Leo Castañeda: a conversation
Multimedia artist and video game director Leo Castañeda on creating alternate worlds using mythology as a lens to understand people and nature.
Young children are known not only to have a high tolerance for repetition, but also thrive in it. As a child I would beg my mother to tell us Little Red Riding Hood or Mowgli as many times as she was capable of (truth be told she impersonated characters and sang beautifully). On researching Leo Castañeda’s work ahead of a conversation we had planned, I found out that as a child he would ask his father to draw Batman over and over again. That meant I could skip that inevitable question: Where did it all start?
Leo’s studio (which he shares with artist Lauren Monzón) is spacious and cool, “My first with air conditioning”, he said. Theirs is one of the courtyard studios at The Bakehouse complex, in Miami. The dark gray metal double doors surrounded by bright, energetic yellow walls already suggests the startling world we’re about to enter. The small, white “Studio 55” vinyl sign followed by the names of both artists is minimalist, shy, almost an afterthought.
Leo is a soft spoken artist with a kind disposition and sharp, observant eyes of a deep thinker. I have known him for quite some time and his work has intrigued me for much longer. Recently we got together for a conversation on the interconnectedness of painting and gaming and reimagining beings in a way that is more mutualistic, sustainable and interconnected, the influence of AI and the evolution of gaming.

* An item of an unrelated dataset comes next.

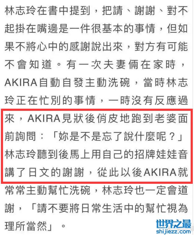 此外,林志玲在婚后生活中时常都会负责家务活,偶尔丈夫AKIRA会帮忙洗碗,但有一次林志玲在忙别的事,AKIRA洗完碗后问她是不是忘了什么,林志玲赶忙用日语说谢谢。

Carmen: In your statement you describe yourself as “an artist working at the intersection of virtual reality, gaming performance and interactive sculpture,” and that you “deploy and deconstruct the social economic racial mythological and post-human anatomies embedded in the structure of video games.” Could you unpack this definition?
Leo:Thank you, Carmen. That artist's statement is from a few years ago and we’ve been trying to figure out how to make it more accessible. We're looking into how the gaming companies communicate and how to make those concepts be more accessible to people that are not artists.
The mediums that I work with are feedback loops between gaming, painting and drawing which are all interconnected. It's a process where the handmade and digital are interconnected.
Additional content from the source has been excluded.